We’re given an \(n \times d\) data matrix \(X\) with missing entries, and an \(n \times d\) mask \(P\) with binary entries \(P_{ij}\) indicating whether the entry \(X_{ij}\) is missing. \(X\) needs to have all its entries bounded in some reasonable range, i.e. \(\max_{ij} (X_{ij}) - \min_{ij} (X_{ij})\) shouldn’t be too big for this to work.

First, min-max scale the data \(X\) so that each entry is in \([-1, 1]\). Then, do the following:

  • Compute the truncated SVD of the \(n \times d\) masked data matrix \(Y := P \circ X\), truncated to cut off all components with singular value \(\leq 2.3 \max (\sqrt{n}, \sqrt{d})\). Call this resulting truncated-SVD approximation \(M\). Clip the entries of \(M\) to \([-1, 1]\) to form the matrix \(\hat{M}\).
  • Do the same to the matrix \(P\) instead of the matrix \(Y\). Call the resulting truncated-SVD approximation \(M_2\) and its clipped version \(\hat{M_2}\).
  • Calculate the matrix \(U\) as the entry-wise result of dividing \(\hat{M}\) by \(\hat{M_2}\). Clip the entries of \(U\) to \([-1, 1]\) to form the matrix \(\hat{U}\).

The “magic” value 2.3 is from (Gavish and Donoho 2014), and has some theoretical justification.

CODE
import sys, numpy as np, time, scipy
import requests
import matplotlib.pyplot as plt
%matplotlib inline

import anndata, scanpy as sc
import numpy as np, pandas as pd, matplotlib.pyplot as plt, seaborn as sns, os, sys, scipy.sparse as sp
sc.settings.verbosity = 0

# fname = 'GTEx_8_tissues_snRNAseq_atlas_071421.public_obs.h5ad'
# url_str = f'https://storage.googleapis.com/gtex_analysis_v9/snrna_seq_data/{fname}'
# response = requests.get(url_str)
# with open(file_path, 'wb') as fp:
#     fp.write(response.content)
# adta = sc.read(file_path)
# adta = sc.pp.subsample(adta, n_obs=int(num_subsample), random_state=random_state, copy=True)
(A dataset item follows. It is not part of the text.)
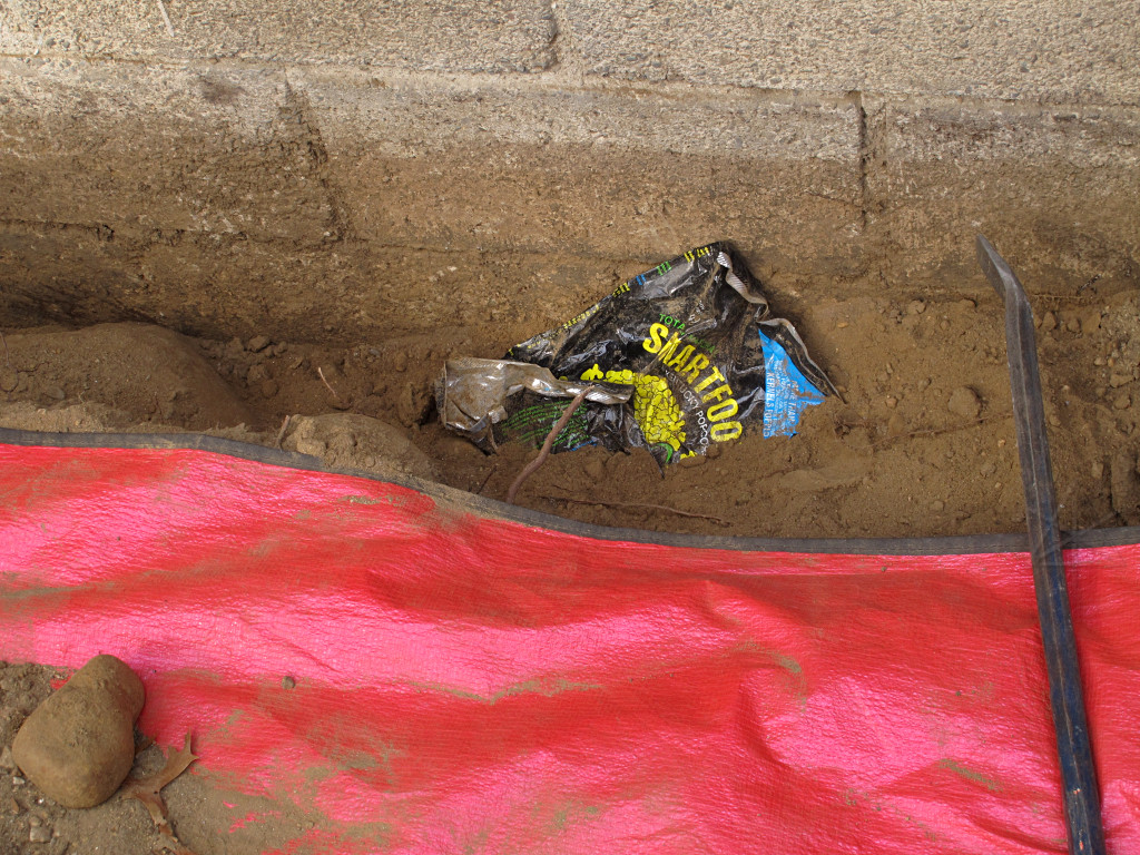 The Mighty Homebuilt Dirt-Tamper of Doom emerged once again, and was the perfect width to get down into these trenches to compact the backfill. I did this in incremental layers, to ensure best uniform density all the way up, and managed to not ding up the face of the Roxul too much with mis-aimed hits. This might have been the only part that would have annoyed the neighbors, as the soil hereabouts is fairly resonant when impacted. Thump, thump, thump, thump thump ... thump, thump. Thump, thump, thump thump thump thump thump thump ... thump, thump ... |
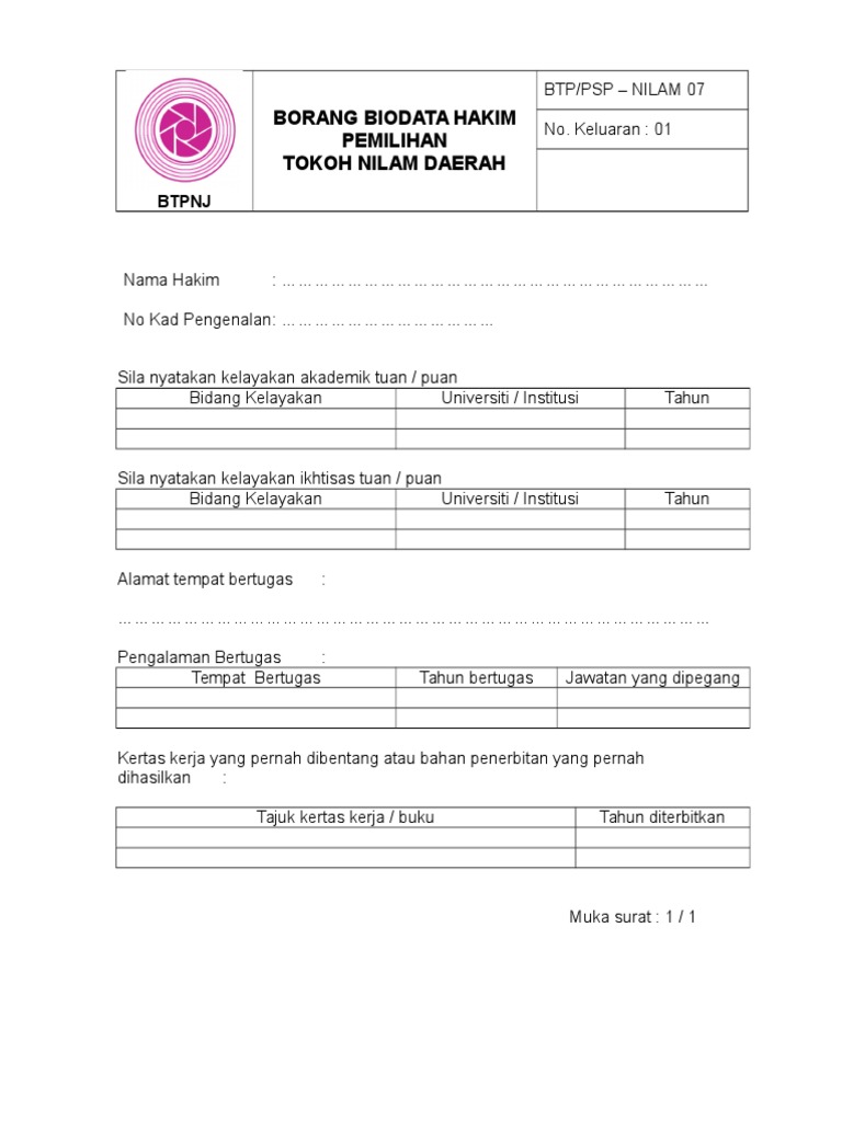 Contoh Borang Biodata Tokoh

adta = sc.read('../GTEx_8_snRNAseq_atlas_30k.h5ad')
sc.pp.neighbors(adta)
sc.tl.umap(adta)
CODE
from sklearn.preprocessing import MinMaxScaler


def svd_missing_impute(datamat, maskmat, num_comps=10):
    """ Compute a low-rank SVD approximation to a matrix with missing values.

    Parameters
    ----------
    datamat : ndarray
        (n x d) matrix with missing values.
    maskmat : ndarray
        (n x d) matrix with 1s where datamat is observed, and 0s where it is missing.
    num_comps : int, optional
        Number of singular values to compute. Default is 10.
    
    Returns
    -------
    estmat : ndarray
        (n x d) matrix with missing values imputed.
    """
    scaler = MinMaxScaler(feature_range=(-1, 1))
    tf_X = scaler.fit_transform(datamat)
    U_X, S_X, Vt_X = fast_svd(tf_X, num_comps=num_comps)
    U_P, S_P, Vt_P = fast_svd(maskmat, num_comps=num_comps)
    thresh_singular_value = 2.3 * np.sqrt(np.max(datamat.shape))
    S_X[S_X < thresh_singular_value] = 0
    S_P[S_P < thresh_singular_value] = 0
    est_X = np.clip(U_X.dot(np.diag(S_X).dot(Vt_X)), -1, 1)
    est_P = np.clip(U_P.dot(np.diag(S_P).dot(Vt_P)), -1, 1)
    weight_mat = np.reciprocal(est_P)
    weight_mat[np.isinf(weight_mat)] = 0
    estmat = np.clip(np.multiply(weight_mat, est_X), -1, 1)
    return scaler.inverse_transform(estmat)

A method that tries to respect biological zeros

(Linderman et al. 2022) propose a method that tries to respect biological zeros, which are often meaningful. This is a very efficient method which is based on the same ideas as the SVD implementations discussed above, worth implementing in a future post.

References

Bhattacharya, Sohom, and Sourav Chatterjee. 2022. “Matrix Completion with Data-Dependent Missingness Probabilities.” IEEE Transactions on Information Theory 68 (10): 6762–73.
Chatterjee, Sourav. 2015. “Matrix Estimation by Universal Singular Value Thresholding.” The Annals of Statistics, 177–214.
Gavish, Matan, and David L Donoho. 2014. “The Optimal Hard Threshold for Singular Values Is \(4 / \sqrt{3}\).” IEEE Transactions on Information Theory 60 (8): 5040–53.
Linderman, George C, Jun Zhao, Manolis Roulis, Piotr Bielecki, Richard A Flavell, Boaz Nadler, and Yuval Kluger. 2022. “Zero-Preserving Imputation of Single-Cell RNA-Seq Data.” Nature Communications 13 (1): 192.
Troyanskaya, Olga, Michael Cantor, Gavin Sherlock, Pat Brown, Trevor Hastie, Robert Tibshirani, David Botstein, and Russ B Altman. 2001. “Missing Value Estimation Methods for DNA Microarrays.” Bioinformatics 17 (6): 520–25.